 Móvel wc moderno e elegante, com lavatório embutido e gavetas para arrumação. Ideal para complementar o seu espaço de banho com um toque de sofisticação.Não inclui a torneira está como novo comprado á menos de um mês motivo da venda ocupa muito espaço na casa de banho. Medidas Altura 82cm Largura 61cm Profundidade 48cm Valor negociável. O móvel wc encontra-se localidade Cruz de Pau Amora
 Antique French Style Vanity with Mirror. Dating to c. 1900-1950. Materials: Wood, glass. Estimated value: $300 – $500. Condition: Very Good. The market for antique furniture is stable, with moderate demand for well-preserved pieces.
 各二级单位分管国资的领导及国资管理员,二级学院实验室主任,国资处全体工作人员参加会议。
──────────
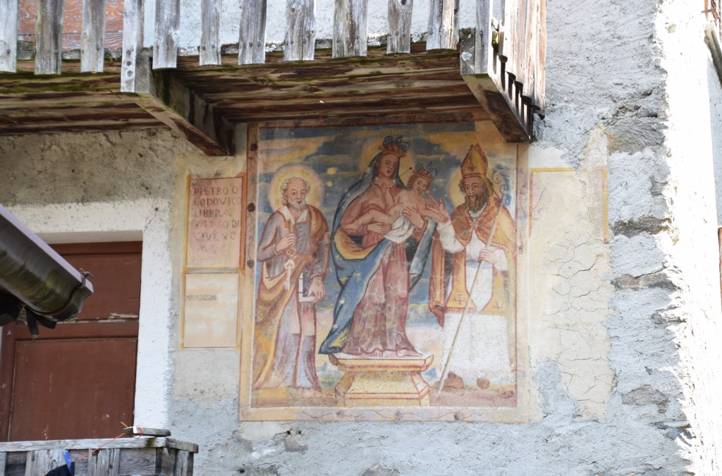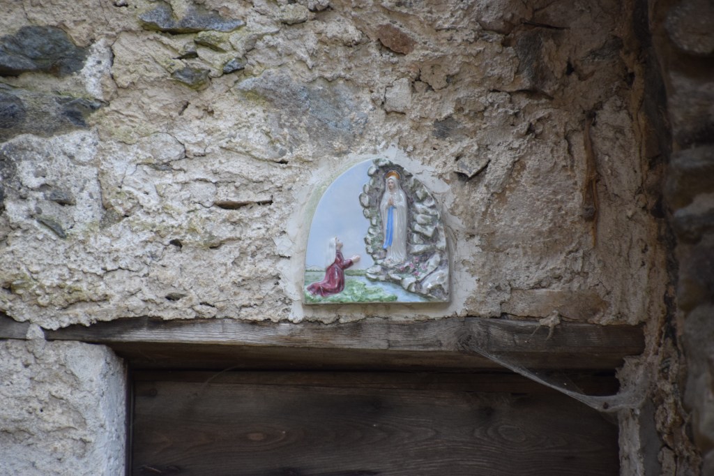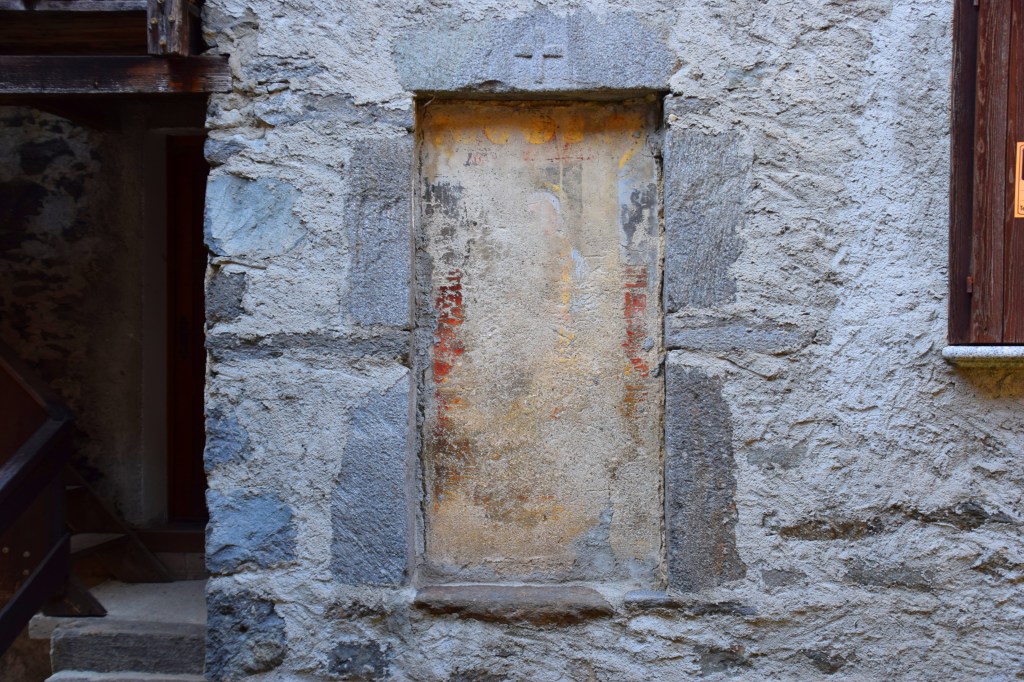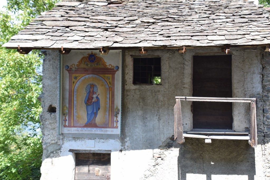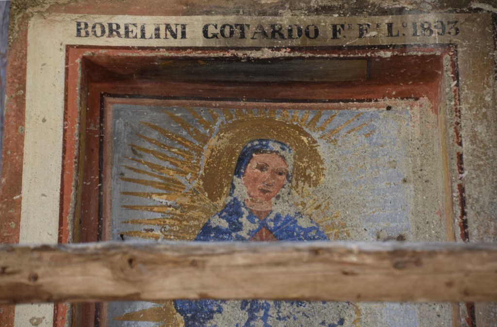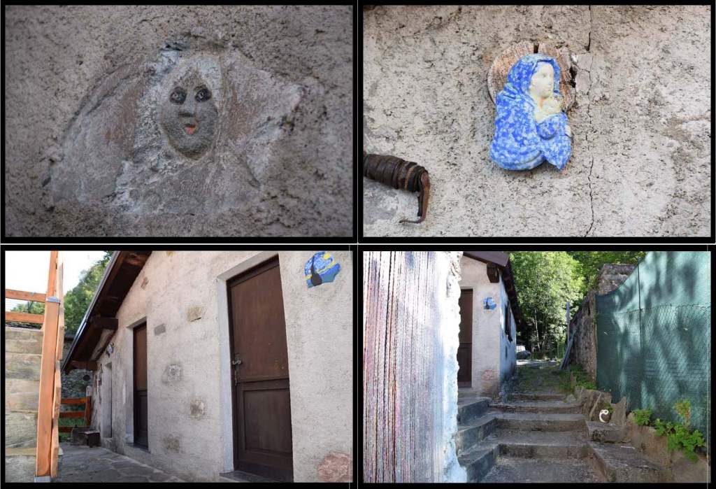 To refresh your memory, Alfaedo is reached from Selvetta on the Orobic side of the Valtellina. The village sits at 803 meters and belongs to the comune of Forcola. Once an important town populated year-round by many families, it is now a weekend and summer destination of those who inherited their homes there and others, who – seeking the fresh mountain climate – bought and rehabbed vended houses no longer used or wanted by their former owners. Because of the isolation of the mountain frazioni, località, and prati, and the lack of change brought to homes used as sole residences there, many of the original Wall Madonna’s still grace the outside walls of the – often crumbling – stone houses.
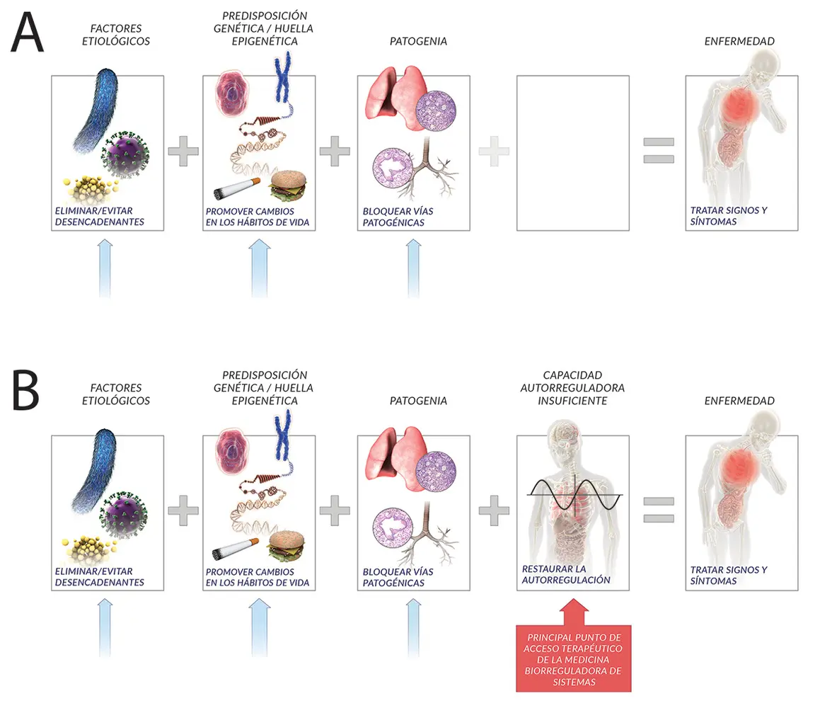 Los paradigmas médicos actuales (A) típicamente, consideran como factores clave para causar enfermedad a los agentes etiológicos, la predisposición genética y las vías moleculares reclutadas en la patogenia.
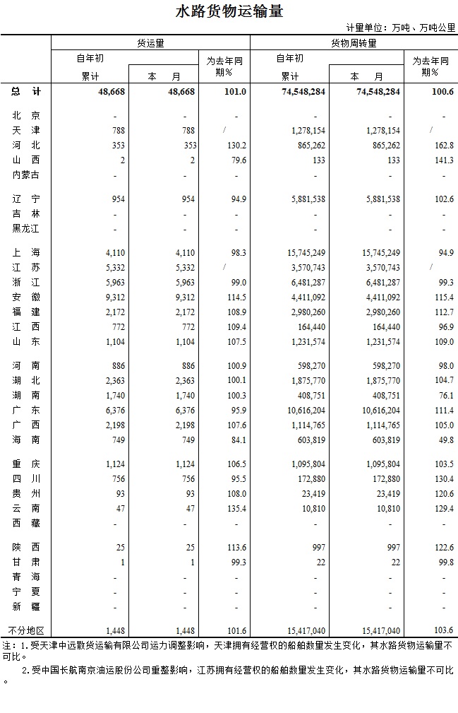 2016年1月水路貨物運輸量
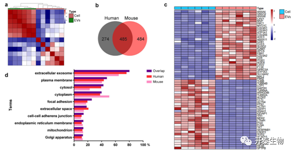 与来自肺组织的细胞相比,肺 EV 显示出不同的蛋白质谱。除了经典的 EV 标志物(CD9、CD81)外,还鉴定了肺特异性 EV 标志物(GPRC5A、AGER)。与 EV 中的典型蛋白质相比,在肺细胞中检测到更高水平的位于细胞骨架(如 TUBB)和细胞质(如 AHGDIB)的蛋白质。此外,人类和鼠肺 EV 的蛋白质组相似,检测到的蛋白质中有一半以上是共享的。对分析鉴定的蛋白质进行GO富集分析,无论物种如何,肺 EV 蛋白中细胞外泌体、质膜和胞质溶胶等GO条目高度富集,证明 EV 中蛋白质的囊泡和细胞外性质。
──────────
» **The task**
Among the entries above, copy exactly only the lines starting with the one containing "Móvel wc moderno" and going through the one containing "各二级单位分管国资的领导及国", both ends included.

» **Answer section**
 Móvel wc moderno e elegante, com lavatório embutido e gavetas para arrumação. Ideal para complementar o seu espaço de banho com um toque de sofisticação.Não inclui a torneira está como novo comprado á menos de um mês motivo da venda ocupa muito espaço na casa de banho. Medidas Altura 82cm Largura 61cm Profundidade 48cm Valor negociável. O móvel wc encontra-se localidade Cruz de Pau Amora
 Antique French Style Vanity with Mirror. Dating to c. 1900-1950. Materials: Wood, glass. Estimated value: $300 – $500. Condition: Very Good. The market for antique furniture is stable, with moderate demand for well-preserved pieces.
 各二级单位分管国资的领导及国资管理员,二级学院实验室主任,国资处全体工作人员参加会议。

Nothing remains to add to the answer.